“Un tempo lontano, quando avevo sei anni, in un libro sulle foreste primordiali, intitolato “Storie vissute della natura”, vidi un magnifico disegno. Rappresentava un serpente boa nell’atto di inghiottire un animale.
Eccovi la copia del disegno. C’era scritto: “I boa ingoiano la loro preda tutta intera, senza masticarla. Dopo di che non riescono piu’ a muoversi e dormono durante i sei mesi che la digestione richiede”.
Meditai a lungo sulle avventure della jungla. E a mia volta riuscii a tracciare il mio primo disegno.
Il mio disegno numero uno. Era cosi’:
Mostrai il mio capolavoro alle persone grandi, domandando se il disegno li spaventava. Ma mi risposero: “ Spaventare? Perche’ mai, uno dovrebbe essere spaventato da un cappello?” .
Il mio disegno non era il disegno di un cappello. Era il disegno di un boa che digeriva un elefante.
Affinche’ vedessero chiaramente che cos’era, disegnai l’interno del boa. Bisogna sempre spiegargliele le cose, ai grandi.
Il mio disegno numero due si presentava cosi’:
Questa volta mi risposero di lasciare da parte i boa, sia di fuori che di dentro, e di applicarmi invece alla geografia, alla storia, all’aritmetica e alla grammatica. Fu cosi’ che a sei anni io rinunziai a quella che avrebbe potuto essere la mia gloriosa carriera di pittore.

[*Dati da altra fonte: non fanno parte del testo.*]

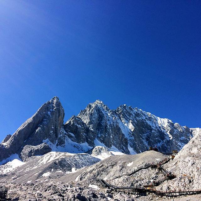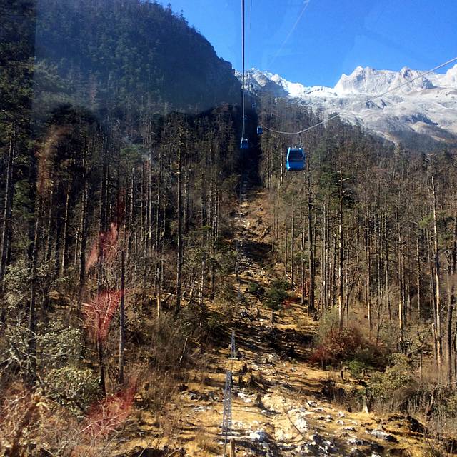 吃过饭直奔玉龙雪山,报的团羽绒服、氧气瓶都含在里面,刷了门票进来就直接排队坐大索道,划重点:坐索道的期间,从平原来的小伙伴们就可以吸氧了!(可是我没有吸氧,以为自己身强体壮,没想到下了索道后刚走不到50米就要趴倒在地了,完全不适应!)下了索道会有一个石碑,刻有现在所处于的高度,身体没有什么反应的可以接着往上走,我是头晕想吐,缓了一会,吃了点东西好一点,但是还是没多久就坐索道下去了。
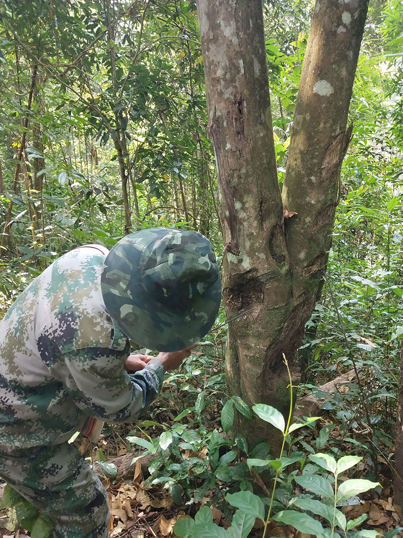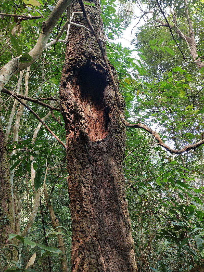 高大的野生奇南沉香。好奇心驅(qū)使我們想看看有沒有結(jié)香。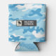 Show your support for the military with this stylish blue camouflage can cooler. Featuring a bold personalized text and a custom logo, this cooler is perfect for keeping your drinks cold at tailgates, parties, or any outdoor event. The unique blue and white camo pattern with subtle white dots adds a touch of modern flair to a classic military design. It's a functional and fashionable accessory for any patriotic individual or military enthusiast.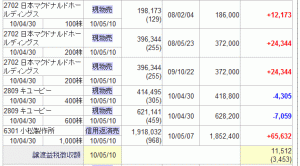 4/30結果 コメントを残す 現物のマクドナルドを一度利確。 500株 1983円 約+11万円 そして再度購入。500株 1985円 水曜日に購入したコマツ(信用)を寄りで返済。 買: 株数 :1,000 価格 :1,852 売: 価格 :1,919 +6万円 キユーピー現物を損切り。 買: 株数 :1,000 価格 :1,046 売: 価格 :1,037 -1万円 取引:信用新規買 銘柄:7832 バンダイナムコホールディングス 市場:東証 株数:2,000 価格:936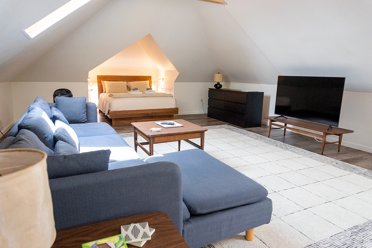 Kick back and relax in this calm, stylish space. You'll have a private space in a detached historic carriage house, sharing a yard with the host. We have a large yard with a patio near the carriage house, covered porch, grill, bbq pit, bocce court, and outdoor living room (summer). We have a dog that has yard access. Private, secured parking is available for 1 car. Families are welcome, as are pets. We recommend families 3+ contact us before booking to ensure the space will work for you.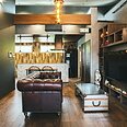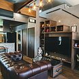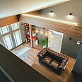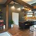 飾り梁で奥行き感を演出した天井。インダストリアルな雰囲気に包まれた、施主様こだわりのリビングです。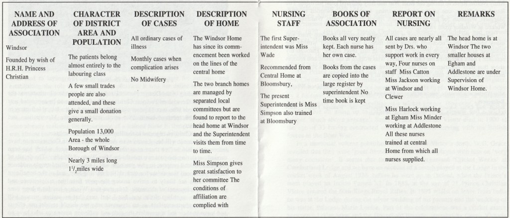 The founding of the District Nurses Fund and New Windsor Institute was the fulfilment of the wish of Princess Christian. The first nurse to be appointed was Miss Jane Wade who was 41 years old and had trained at the Royal Infirmary in Edinburgh and received her district nurse training at the Metropolitan and National Society.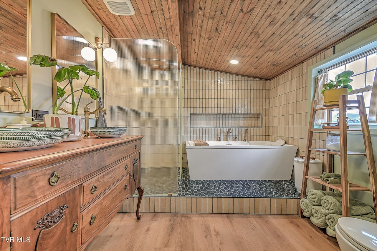 Welcome to 2302 Princeton Lane, a beautifully reimagined home in the heart of Johnson City, perfectly positioned on a quiet non-outlet street that offers privacy while keeping you minutes from everything the city has to offer. This thoughtfully remodeled residence has been redesigned with intention, blending modern style with everyday comfort. Featuring two bedrooms and two full bathrooms, the home showcases a new floor plan that maximizes space and functionality, creating an open and inviting feel throughout.Nearly every detail has been updated, including a brand-new roof, new energy-efficient water heater, and high-quality finishes throughout the home. The custom primary bathroom is truly a standout, complete with a beautifully tiled soaking tub, sleek rain shower fixtures, and modern design elements that feel both luxurious and timeless.Situated on almost half an acre, the outdoor space is just as impressive. The fenced-in backyard provides privacy and room to entertain, featuring a fire pit area, a brand-new deck ready for spring evenings, and plenty of space to relax or host friends and family.Tucked away in a peaceful neighborhood setting yet conveniently close to shopping, dining, ETSU, and all that Johnson City has to offer, this home delivers the perfect balance of seclusion and accessibility. Completely move-in ready and meticulously updated, 2302 Princeton Lane is ready for its next chapter.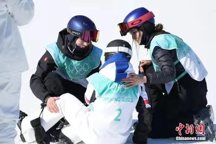 谷爱凌(右)同其他运动员相互扶助。中新社记者 毛建军 摄

Il fallimento del mio disegno numero uno e del mio disegno numero due mi aveva disarmato. I grandi non capiscono mai niente da soli e i bambini si stancano a spiegargli tutto ogni volta.
Allora scelsi un’altra professione e imparai a pilotare gli aeroplani. Ho volato un po’ sopra tutto il mondo: e veramente la geografia mi e’ stata molto utile. A colpo d’occhio posso distinguere la Cina dall’Arizona, e se uno si perde nella notte, questa sapienza e’ di grande aiuto.
Ho conosciuto molte persone importanti nella mia vita, ho vissuto a lungo in mezzo ai grandi. Li ho conosciuti intimamente, li ho osservati proprio da vicino. Ma l’opinione che avevo di loro non e’ molto migliorata.
Quando ne incontravo uno che mi sembrava di mente aperta, tentavo l’esperimento del mio disegno numero uno, che ho sempre conservato. Cercavo di capire cosi’ se era veramente una persona comprensiva.
Ma, chiunque fosse, uomo o donna, mi rispondeva: “E’ un cappello”. E allora non parlavo di boa, di foreste primitive, di stelle. Mi abbassavo al suo livello. Gli parlavo di bridge, di golf, di politica, di cravatte.
E lui era tutto soddisfatto di avere incontrato un uomo tanto sensibile.”